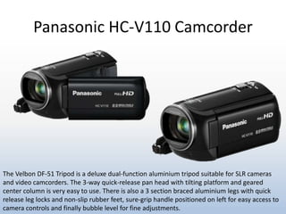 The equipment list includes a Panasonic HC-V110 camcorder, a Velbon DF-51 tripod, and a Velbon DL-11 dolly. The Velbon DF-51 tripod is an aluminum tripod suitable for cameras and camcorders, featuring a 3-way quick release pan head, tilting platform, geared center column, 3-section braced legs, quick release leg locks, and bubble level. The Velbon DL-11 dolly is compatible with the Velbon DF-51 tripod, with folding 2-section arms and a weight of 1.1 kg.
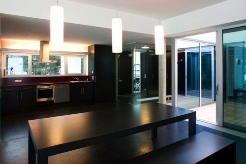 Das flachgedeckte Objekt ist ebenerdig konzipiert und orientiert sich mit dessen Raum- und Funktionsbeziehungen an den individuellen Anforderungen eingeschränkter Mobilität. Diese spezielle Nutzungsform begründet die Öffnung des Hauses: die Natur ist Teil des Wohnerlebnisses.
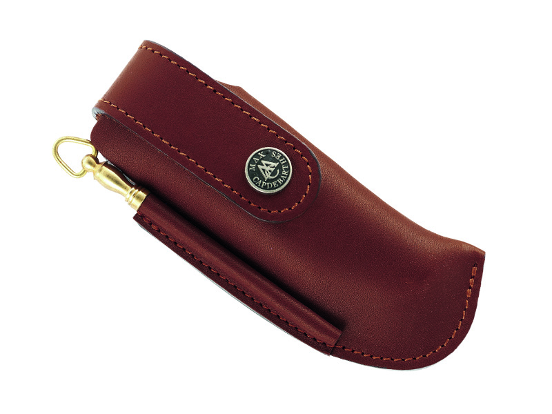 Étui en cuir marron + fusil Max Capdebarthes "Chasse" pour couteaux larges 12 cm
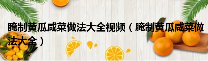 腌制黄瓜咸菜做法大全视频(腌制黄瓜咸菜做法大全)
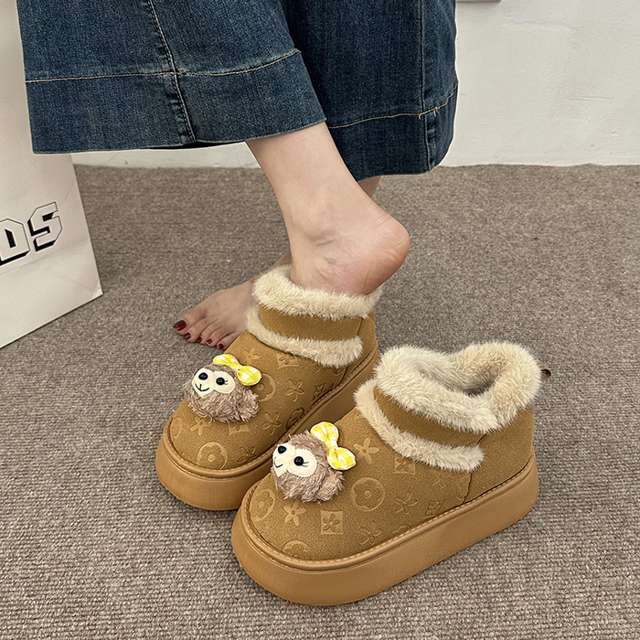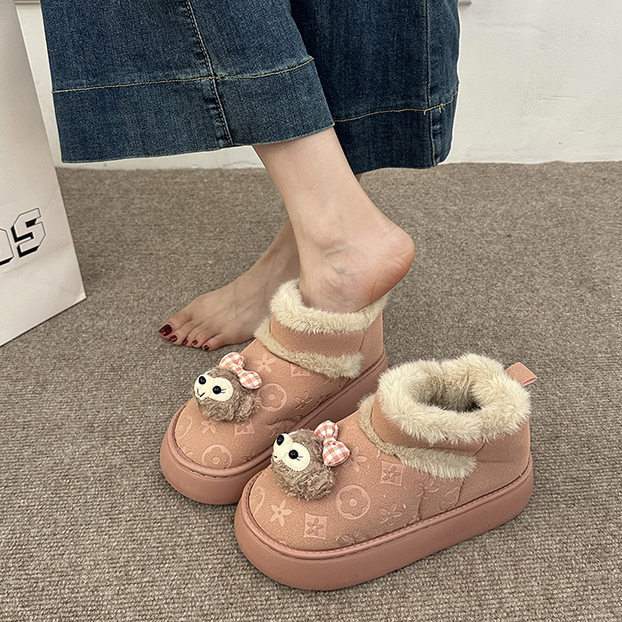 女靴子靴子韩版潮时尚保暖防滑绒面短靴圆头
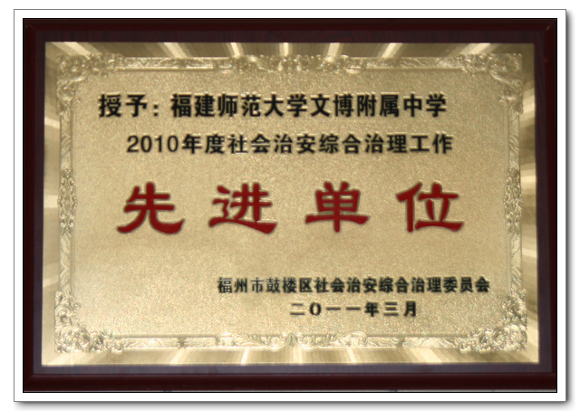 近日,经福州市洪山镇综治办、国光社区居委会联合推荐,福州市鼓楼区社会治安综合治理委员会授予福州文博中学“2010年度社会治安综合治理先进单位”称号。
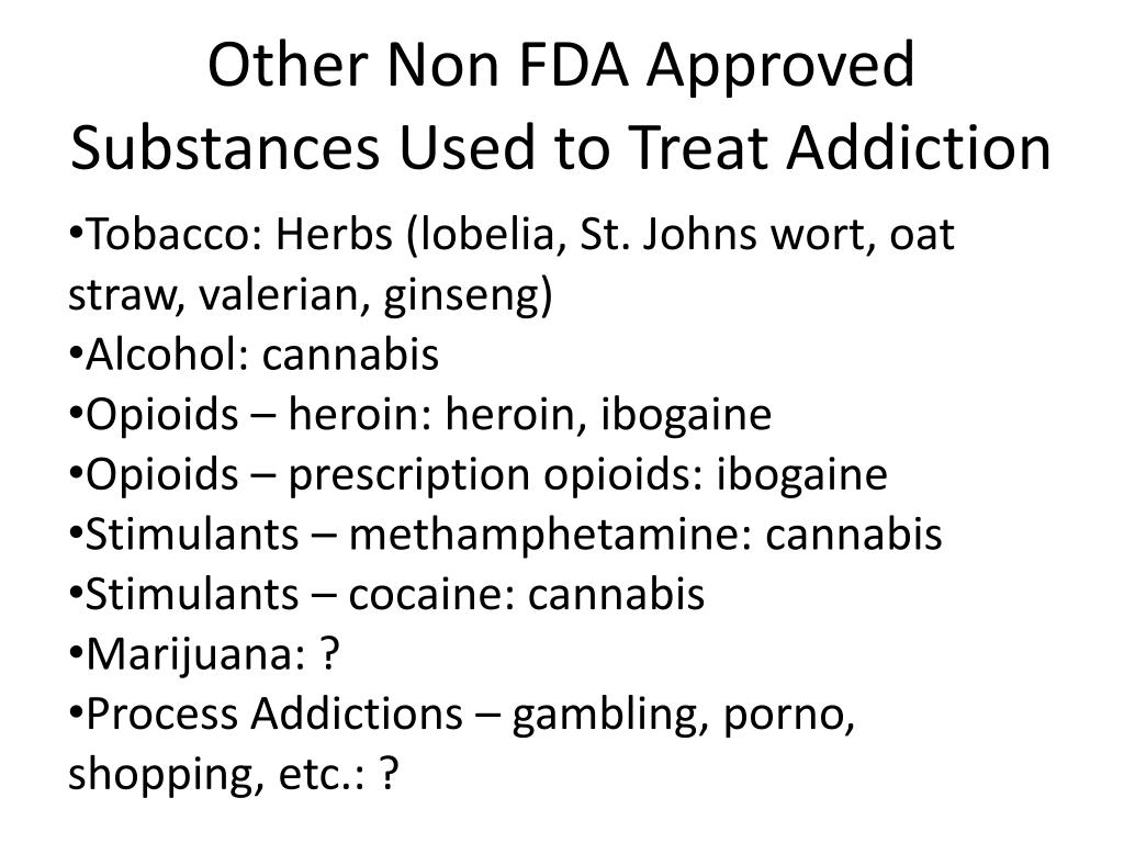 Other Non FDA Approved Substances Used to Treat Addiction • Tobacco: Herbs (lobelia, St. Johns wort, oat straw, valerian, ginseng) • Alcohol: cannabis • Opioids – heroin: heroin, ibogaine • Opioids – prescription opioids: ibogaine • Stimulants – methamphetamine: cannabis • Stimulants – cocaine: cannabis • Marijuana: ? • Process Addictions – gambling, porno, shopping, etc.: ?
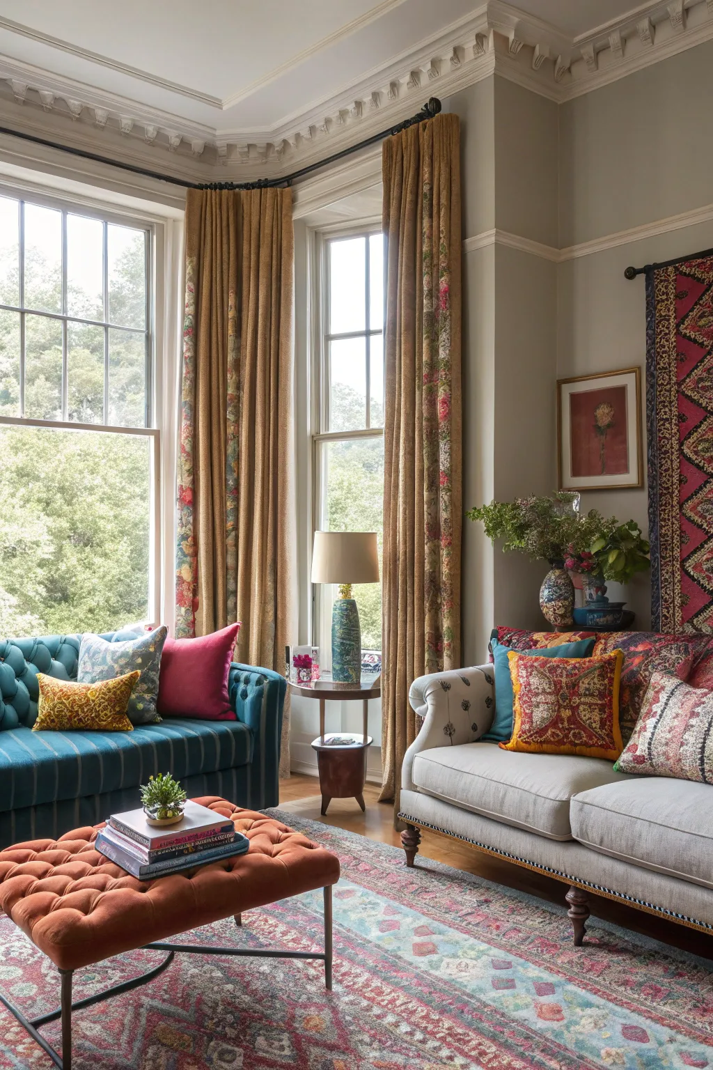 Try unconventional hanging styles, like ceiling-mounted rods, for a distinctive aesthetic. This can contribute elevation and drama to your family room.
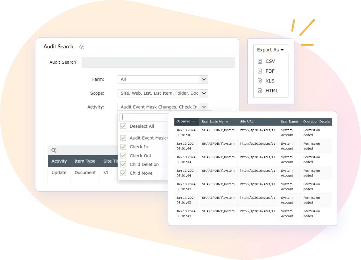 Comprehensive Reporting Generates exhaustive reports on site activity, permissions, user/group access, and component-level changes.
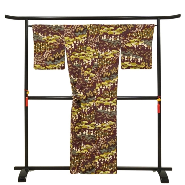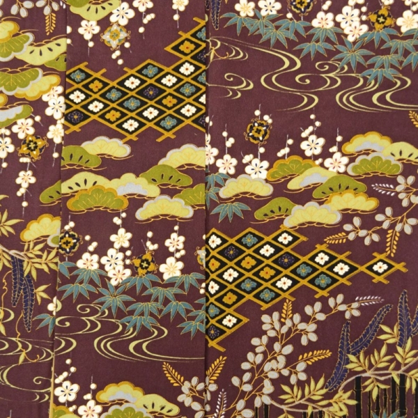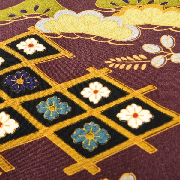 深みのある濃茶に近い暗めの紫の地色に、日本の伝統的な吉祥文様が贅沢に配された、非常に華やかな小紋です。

**WORK TASK**
The records are to be returned verbatim. Skip any picture they contain.

**RESPONSE TO THIS TASK**
 The equipment list includes a Panasonic HC-V110 camcorder, a Velbon DF-51 tripod, and a Velbon DL-11 dolly. The Velbon DF-51 tripod is an aluminum tripod suitable for cameras and camcorders, featuring a 3-way quick release pan head, tilting platform, geared center column, 3-section braced legs, quick release leg locks, and bubble level. The Velbon DL-11 dolly is compatible with the Velbon DF-51 tripod, with folding 2-section arms and a weight of 1.1 kg.
 Das flachgedeckte Objekt ist ebenerdig konzipiert und orientiert sich mit dessen Raum- und Funktionsbeziehungen an den individuellen Anforderungen eingeschränkter Mobilität. Diese spezielle Nutzungsform begründet die Öffnung des Hauses: die Natur ist Teil des Wohnerlebnisses.
 Étui en cuir marron + fusil Max Capdebarthes "Chasse" pour couteaux larges 12 cm
 腌制黄瓜咸菜做法大全视频(腌制黄瓜咸菜做法大全)
 女靴子靴子韩版潮时尚保暖防滑绒面短靴圆头
 近日,经福州市洪山镇综治办、国光社区居委会联合推荐,福州市鼓楼区社会治安综合治理委员会授予福州文博中学“2010年度社会治安综合治理先进单位”称号。
 Other Non FDA Approved Substances Used to Treat Addiction • Tobacco: Herbs (lobelia, St. Johns wort, oat straw, valerian, ginseng) • Alcohol: cannabis • Opioids – heroin: heroin, ibogaine • Opioids – prescription opioids: ibogaine • Stimulants – methamphetamine: cannabis • Stimulants – cocaine: cannabis • Marijuana: ? • Process Addictions – gambling, porno, shopping, etc.: ?
 Try unconventional hanging styles, like ceiling-mounted rods, for a distinctive aesthetic. This can contribute elevation and drama to your family room.
 Comprehensive Reporting Generates exhaustive reports on site activity, permissions, user/group access, and component-level changes.
 深みのある濃茶に近い暗めの紫の地色に、日本の伝統的な吉祥文様が贅沢に配された、非常に華やかな小紋です。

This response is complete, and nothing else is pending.